In Dummit & Foote, they claim this can be shown to be irreducible by Gauss Lemma and applying it to show it has no rational root.
But this doesn't make sense to me since Gauss Lemma says:
Let $F$ be a field of fraction for UFD $R$, then if $p(x) \in F[x]$ is reducible, then $p(x) \in R[x]$ is reducible. Contrapositive say $p(x) \in R[x]$ irreducible, then $p(x) \in F[x]$ irreducible.
So they implies that $P \to Q$ is equivalent to $\sim P \to \sim Q$?
On
It seems to me that you don’t need Gauss Lemma. Indeed you want to prove that $x^3-3x-1=0$ is irreducible in $\Bbb Z[x]$.

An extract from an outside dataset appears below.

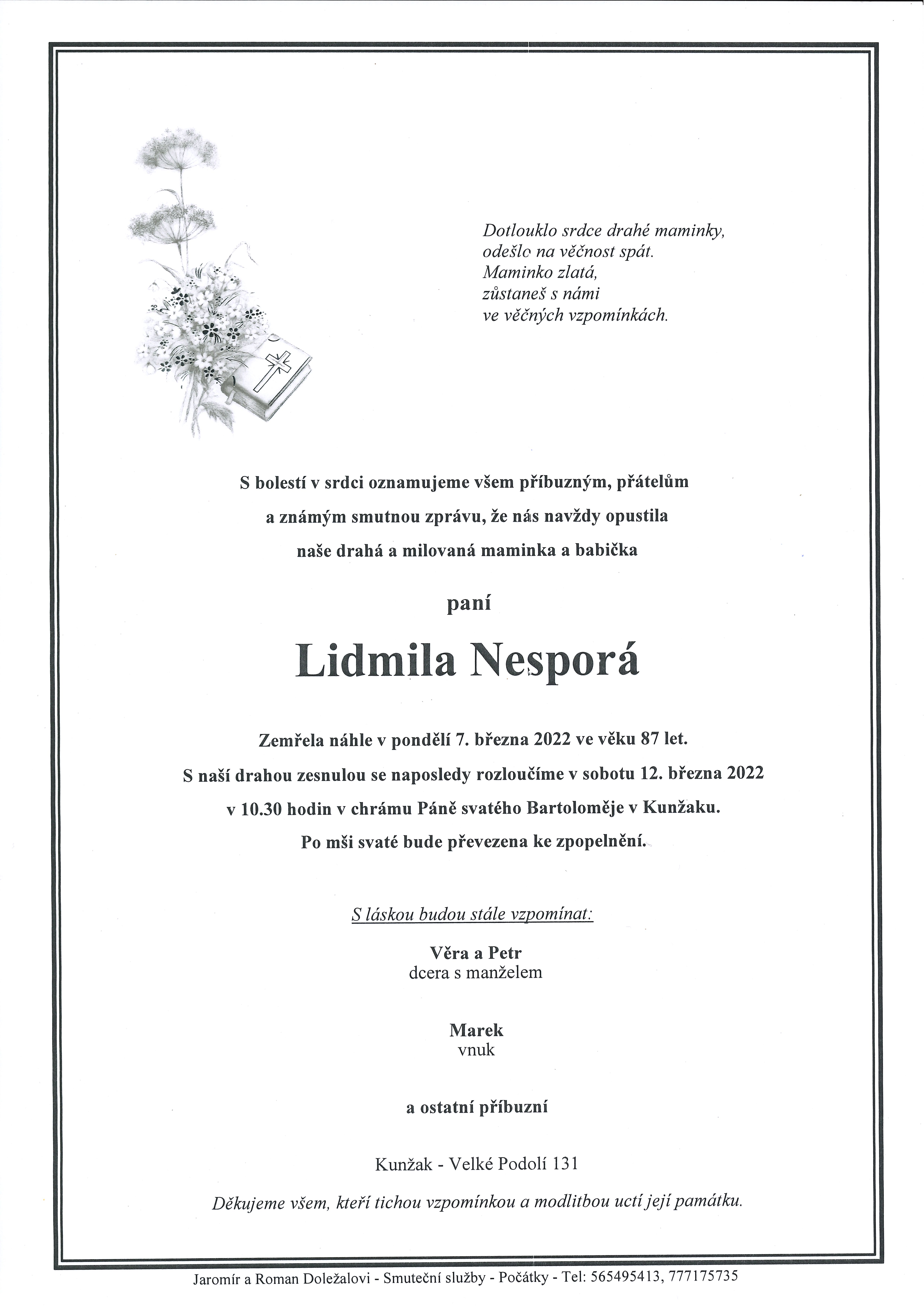S bolestí v srdci oznamujeme, že nás opustila paní Lidmila Nesporá. Zemřela náhle v pondělí 7. března 2022 ve věku 87 let. S drahou zesnulou se naposledy rozloučíme v sobotu 12. března 2022 v 10.30 hodin v chrámu Páně svatého Bartoloměje v Kunžaku.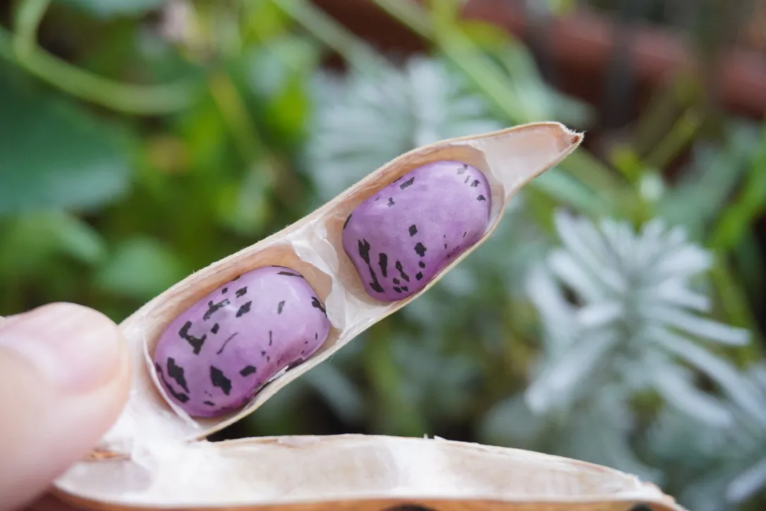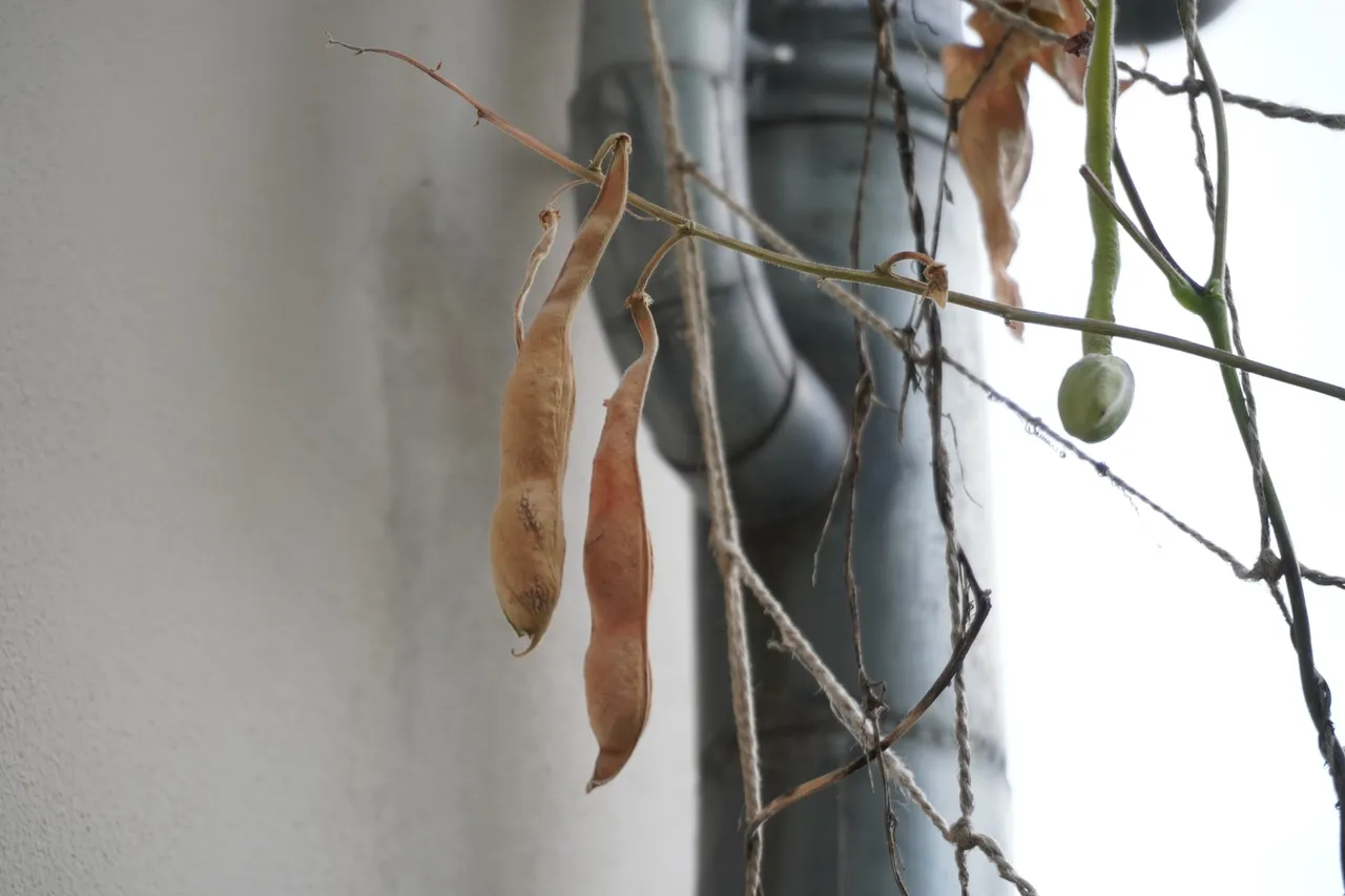 This morning, when I stepped out onto the balcony, I noticed that the pods of my scarlet runner beans had dried out. Upon opening them, I found beautifully formed seeds inside. Today, I harvested four seeds for next year. It's like having good plant friend.

Here another approach: Consider the polynomial $$x^3-3x-1=0$$ and take the reduction modulo $2$. It becomes $$x^3+x+1=0.$$ Since it has not solution in $\Bbb Z_2$, no solution exists in $\Bbb Z$. Hence the original polynomial is irreducible in $\Bbb Z[x]$
It's almost trivial that irreducible over $\Bbb Q$ implies irreducible over $\Bbb Z$ (as long as the polynomial is monic). That's not what Gauss' lemma says.
The way I read the D&F quote, you definitely don't need Gauss' lemma for this. You just need its converse, which is the above mentioned triviality, along with propositions 10 and 11 (which presumably is the rational root theorem).